Ai, meus riquinhos, que tinha de escrever sobre esta novela azeiteira que está a acontecer na nossa caixinha mágica. Há pouco mais de um ano, a nossa Tininha da Malveira trocava a TVI pela SIC numa contratação mágica feita pela porta dos fundos sem os antigos donos toparem. A Tininha até comparou a contratação dela com a morte da princesa Diana. L.O.L. Foi o escândalo do ano em que a própria Tininha afirmou que não sabia quanto ia ganhar na SIC. Que ia apenas por ter a paixão pela televisão.  Exacto! [eu a revirar os olhos até ao teto]
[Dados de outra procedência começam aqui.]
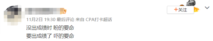 中注協(xié)在注會報名簡章中沒有明確規(guī)定出分具體日期,只表明將于2022年11月下旬公布成績。不僅考生們時刻關注,就連小編也會每天登錄網報系統(tǒng)和微博超話查看注會查分新動態(tài)。注會成績代表著考生們一年來的奮斗成果,大家等出分的焦急心情溢于言表……

Fez uma entrevista toda pomposa para a revista “Cristina”, com choro, baba, ranho e palavras de amor e nhec, nhec. Uma produção pirosa com o Manelito e o Pedrito todos de branco, que quase parecia a passagem de ano em Copa Cabana. Seguiu-se a entrevista no telejornal, fotos com o Daniel Oliveira todo glorioso da contratação feita (mal ele sabia onde se ia meter), a chegada da Tininha aos bastidores da SIC, tudo numa festa de estilo entrega de Óscares em Hollywood. Uma coisa de pompa e circunstância ao mais alto nível de azeitisse neste país.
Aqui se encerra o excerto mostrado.